Records shown:

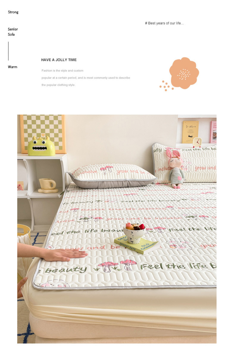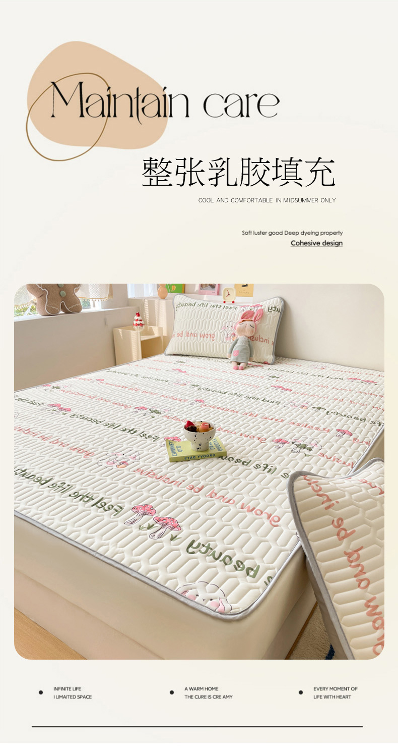 2024新款印花小清新床笠款乳胶凉席系列 彩色蘑菇
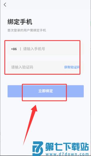 2、在绑定页填入手机号并获取输入验证码,点击立即绑定完成操作。
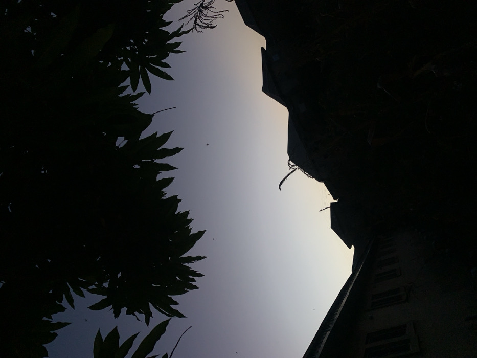The image depicts a twilight scene in Jos, Nigeria. The upper portion of the frame is dominated by the dark silhouette of broadleaf tree foliage, framing a gradient sky that transitions from deep indigo at the top to a pale, yellowish-grey closer to the horizon. Several small, dark, unidentifiable forms, likely birds or insects, are discernible against the brighter sky. The lower half of the image features the silhouettes of multiple residential structures. On the left, a building with a visible light-toned facade includes a row of dark rectangular openings, suggestive of windows. To the right, a cluster of buildings with distinct, angular pitched roofs are rendered in complete silhouette. Tall, spiky vegetation is also visible as dark forms in the immediate foreground, obscuring the base of some structures. No individuals, specific actions, or direct interactions are visible.
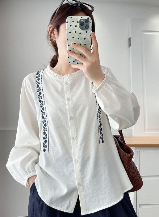 優寶購物《ubao.Tw》特貨品商城,黑貓宅配,取貨付款,女人衣櫥㊕秋裝上班族職場通勤約會美搭 白色/粉色/深藍色胸前對稱刺繡 花邊領排釦長袖臀長森林系上衣襯衫 大尺碼超大胸106-130.E533♥ | Yahoo拍賣
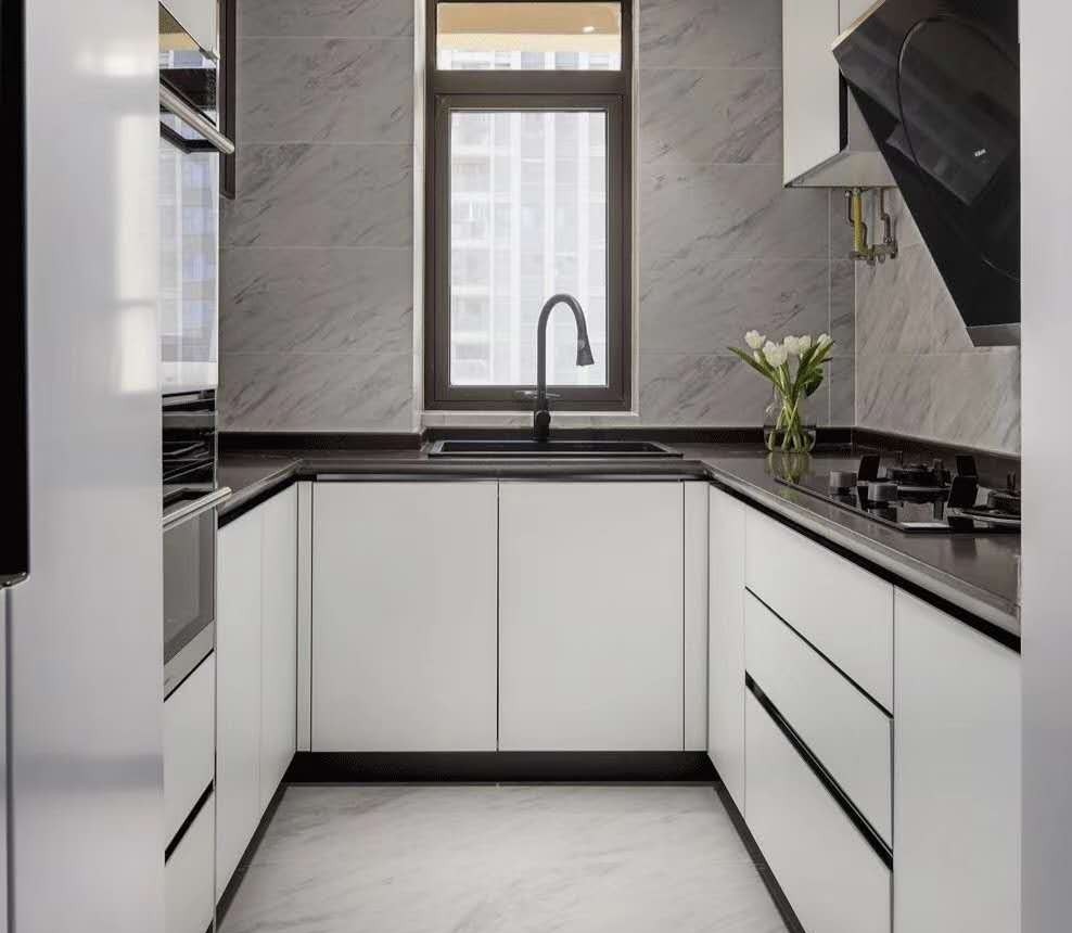 4、選擇合適的顏色:在選擇U型廚房的顏色時,也要考慮到其重要性。可以選擇一些明亮的顏色,例如白色和灰色,來增加空間感和采光。同時,可以在墻面、櫥柜和地面上選擇不同的顏色和材料進(jìn)行搭配,以創(chuàng)造出更加令人舒適的視覺效果。

Task: Would you return the records exactly, keeping out every picture?

Exercise solution:
 2024新款印花小清新床笠款乳胶凉席系列 彩色蘑菇
 2、在绑定页填入手机号并获取输入验证码,点击立即绑定完成操作。
The image depicts a twilight scene in Jos, Nigeria. The upper portion of the frame is dominated by the dark silhouette of broadleaf tree foliage, framing a gradient sky that transitions from deep indigo at the top to a pale, yellowish-grey closer to the horizon. Several small, dark, unidentifiable forms, likely birds or insects, are discernible against the brighter sky. The lower half of the image features the silhouettes of multiple residential structures. On the left, a building with a visible light-toned facade includes a row of dark rectangular openings, suggestive of windows. To the right, a cluster of buildings with distinct, angular pitched roofs are rendered in complete silhouette. Tall, spiky vegetation is also visible as dark forms in the immediate foreground, obscuring the base of some structures. No individuals, specific actions, or direct interactions are visible.
 優寶購物《ubao.Tw》特貨品商城,黑貓宅配,取貨付款,女人衣櫥㊕秋裝上班族職場通勤約會美搭 白色/粉色/深藍色胸前對稱刺繡 花邊領排釦長袖臀長森林系上衣襯衫 大尺碼超大胸106-130.E533♥ | Yahoo拍賣
 4、選擇合適的顏色:在選擇U型廚房的顏色時,也要考慮到其重要性。可以選擇一些明亮的顏色,例如白色和灰色,來增加空間感和采光。同時,可以在墻面、櫥柜和地面上選擇不同的顏色和材料進(jìn)行搭配,以創(chuàng)造出更加令人舒適的視覺效果。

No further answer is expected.